Dude, you're very funny and highly illogical.  And, you make the best jokes around. Didn't you read, it has a *NON-FUNCTIONAL *hospital. Either you don't have any idea what medical education is, or you're just making a fool of yourself. Anyways, you're welcome to do that. :thumbsup: *CMH has been hammered down, PERIOD!* 

Anyways, Bye. I should rather not waste my time with troll-ers. BEST OF LUCK FOR YOUR FUTURE!


----------



## SonnenSays (Oct 27, 2013)

masterh said:


> Dude, you're very funny and highly illogical.  And, you make the best jokes around. Didn't you read, it has a *NON-FUNCTIONAL *hospital. Either you don't have any idea what medical education is, or you're just making a fool of yourself. Anyways, you're welcome to do that. :thumbsup: *CMH has been hammered down, PERIOD!*
> 
> Anyways, Bye. I should rather not waste my time with troll-ers. BEST OF LUCK FOR YOUR FUTURE!

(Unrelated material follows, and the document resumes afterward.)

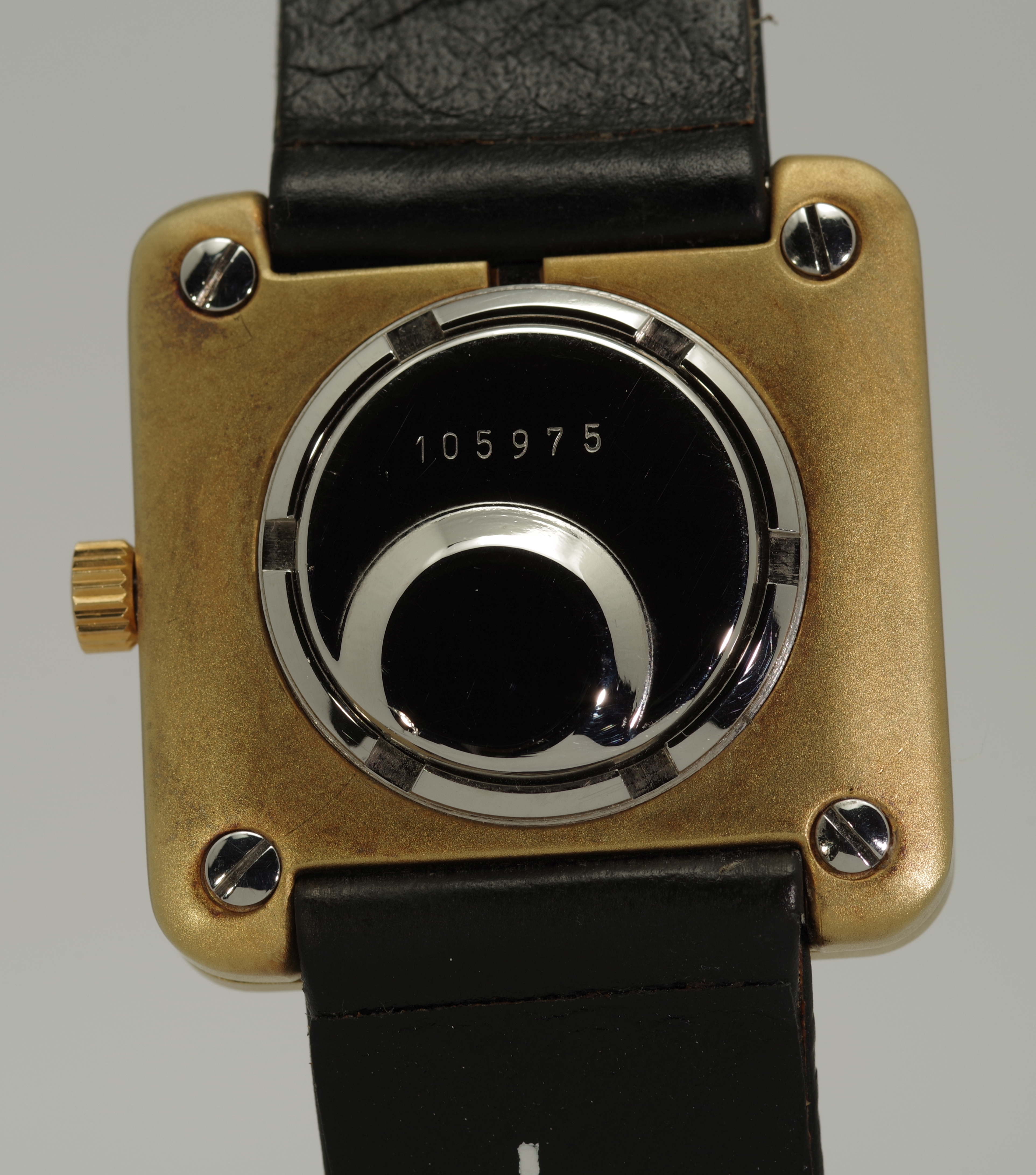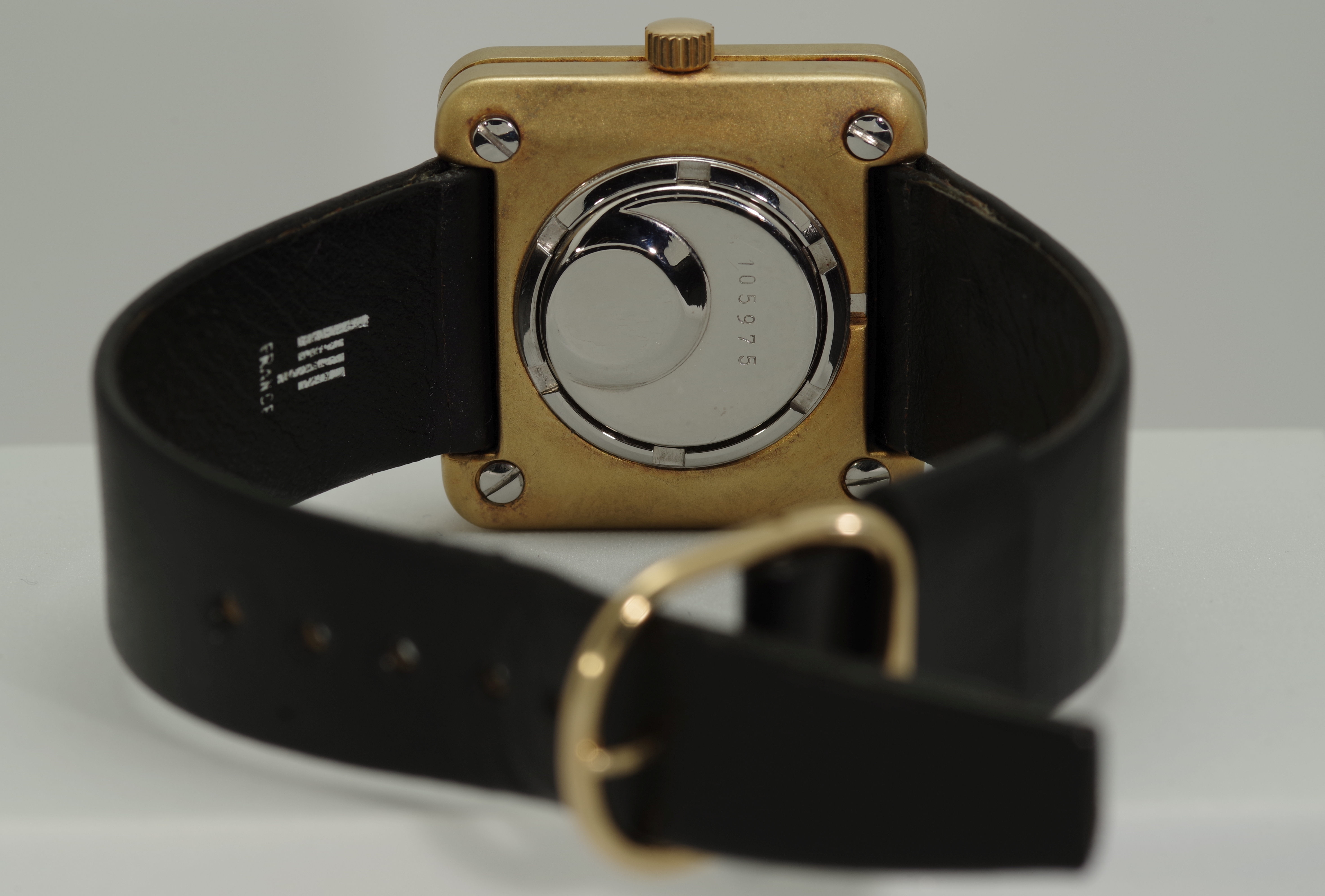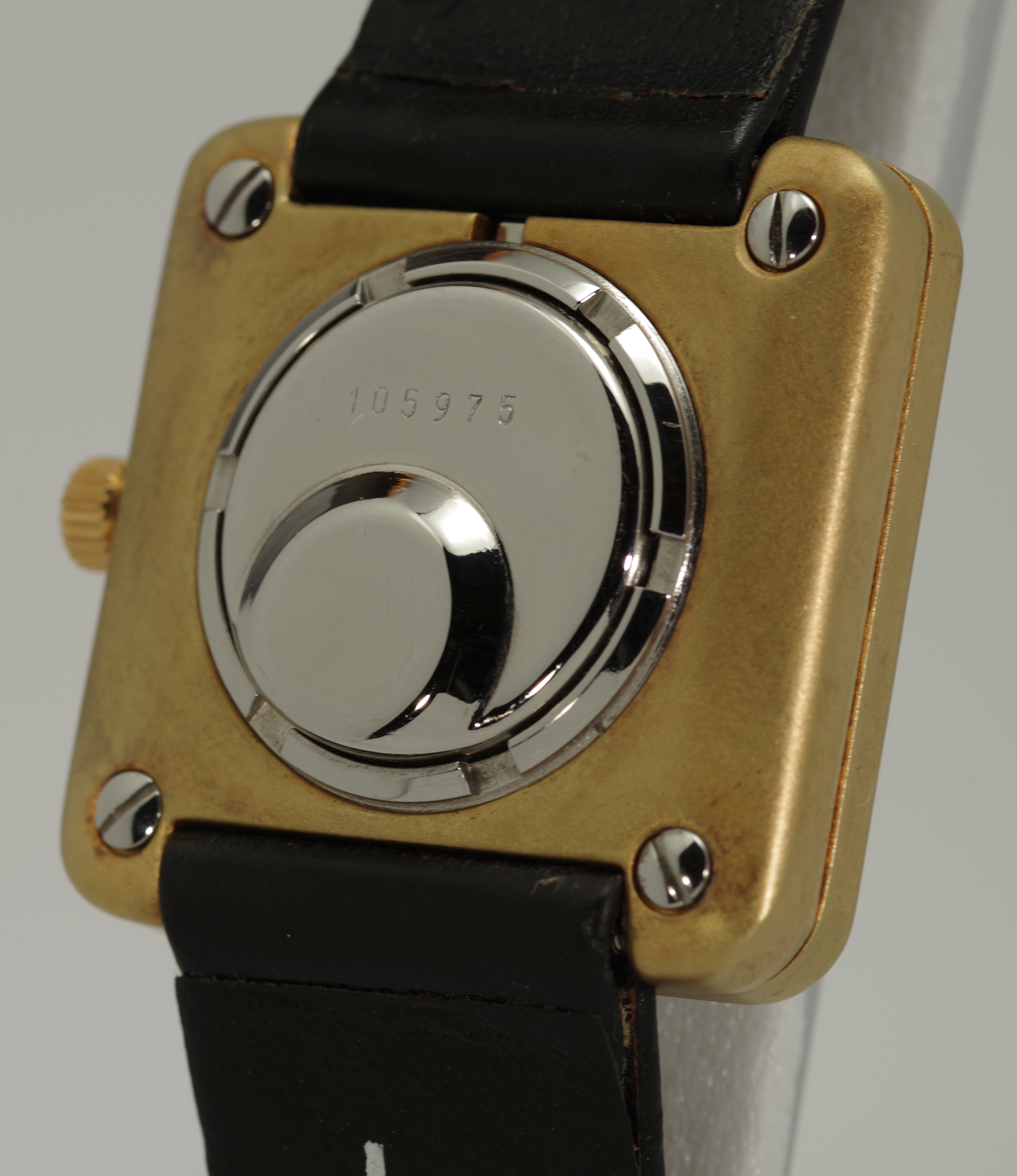 Insgesamt besteht diese Reihe aus vier Modellen. Dieses Modell mit der Referenz-Nummer 43850 ist die Variante mit einem schwarz/weißem Zifferblatt in einem matt vergoldeten Gehäuse und dem weißen Sekundenzeiger.
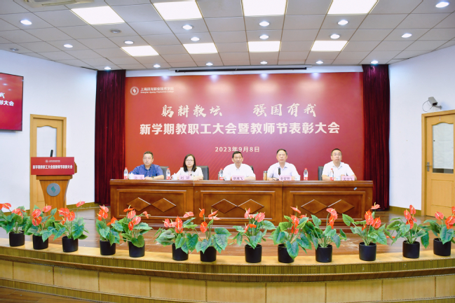 岁月成碑,铸就丹心一片;师以匠心,遍植桃李满园。9月8日上午,在第39个教师节来临之际,学校在报告厅隆重举行新学期教职工大会暨教师节表彰大会。校长胡展飞、党委书记姜富明、党委副书记刘丽、副校长王云飞、副校长孙遥出席大会,学校全体教职员工参加大会。大会由姜富明书记主持。

You just wasted your time with a troll. Now you can't take it back.
And you make yourself seem incredibly chilidish and butthurt.


And CMH>>>>>>Shalamar,
Now and forever and ever and ever.

Grow up and stop being such a delusional baby.


----------



## masterh (Sep 20, 2011)

SonnenSays said:


> You just wasted your time with a troll. Now you can't take it back.
> And you make yourself seem incredibly chilidish and butthurt.
> 
> 
> ...


Buahahahahahaha...  That was the *BIGGEST JOKE EVER *by you, Mr. Blind  BYE!


----------



## SonnenSays (Oct 27, 2013)

masterh said:


> Buahahahahahaha...  That was the *BIGGEST JOKE EVER *by you, Mr. Blind  BYE!


bye mr. deaf


----------



## masterh (Sep 20, 2011)

:thumbsup:


----------



## Abiha Butt (Mar 21, 2014)

PMDC is just a drama and nothing else


----------



## SonnenSays (Oct 27, 2013)

Abiha Butt said:


> PMDC is just a drama and nothing else


Pretty much this. 8 years ago they were giving warnings to sheikh zayed only to nationalise it later on.
Doesn't matter how many warnings they give or what people think, CMH is gonna remain the best pvt med clg in Punjab.


----------



## Feline (Jan 14, 2014)

SonnenSays said:


> Pretty much this. 8 years ago they were giving warnings to sheikh zayed only to nationalise it later on.
> Doesn't matter how many warnings they give or what people think, CMH is gonna remain the best pvt med clg in Punjab.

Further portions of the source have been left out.